Link Posted: 9/27/2004 5:20:46 PM EST
[Last Edit: 9/27/2004 5:22:39 PM EST by angry_walkin_dude]

Originally Posted By cyanide:

Originally Posted By angry_walkin_dude:
My oil pressure is higher when I use Mobil 1. It's good shit.



And you explain that how since it has better (easier) flow rates ???


"Who knows how a posi-track on a Plymouth works......it just does!"

It's higher because the little orange needle inside of my AutoMeter oil pressure gauge says so.



Maybe this happened. I don't know why the pressure is higher, it just is.





"I am considering replacing the mineral oil in my engine with a synthetic oil. The engine has 50,000 miles on it. I have heard that the mineral oil and synthetic oil are compatible. Is this true?"

Generally, the reference to synthetic oil for an engine, means a lubricant is formulated with a polyalphaolefin (PAO) base oil. PAO, which is often called synthesized hydrocarbon, is pure and is compatible with mineral base oils.

However, because the PAO base oil does not dissolve additives effectively, it is usually formulated with an ester co-base (usually di-ester and/or polyol ester). The additives are soluble with the ester and the ester is soluble with the PAO.

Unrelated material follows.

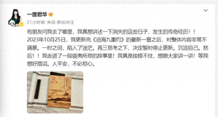 这些博文让不少网友担心。还有读者发现,她还在晋江更新了自己的专栏。

Likewise, the PAO tends to cause seal shrinkage and the ester causes seal swelling, so the effects are offset when both base oils are present. It is the ester that can cause problems when one changes from mineral to synthetic. Ester base oil used alongside PAO base oil in lubricant formulation has excellent natural detergency. In other words, it will clean up varnish on component surfaces as a result of thermal and oxidative degradation of the lubricant. When one switches from a typical mineral-based engine oil to a typical synthetic-based oil, the varnish layer will be removed by the ester in the synthetic oil and become suspended.

This suspended material can rapidly clog filters and can block oil flow passageways and lead to component starvation. The same is true for gearboxes and other industrial machines. So think twice about switching to synthetic oils in applications where the engine or other machine has been operating for some time with mineral oils. If you decide to make the switch, try to clean the system before making the change, then monitor it carefully once you start it up.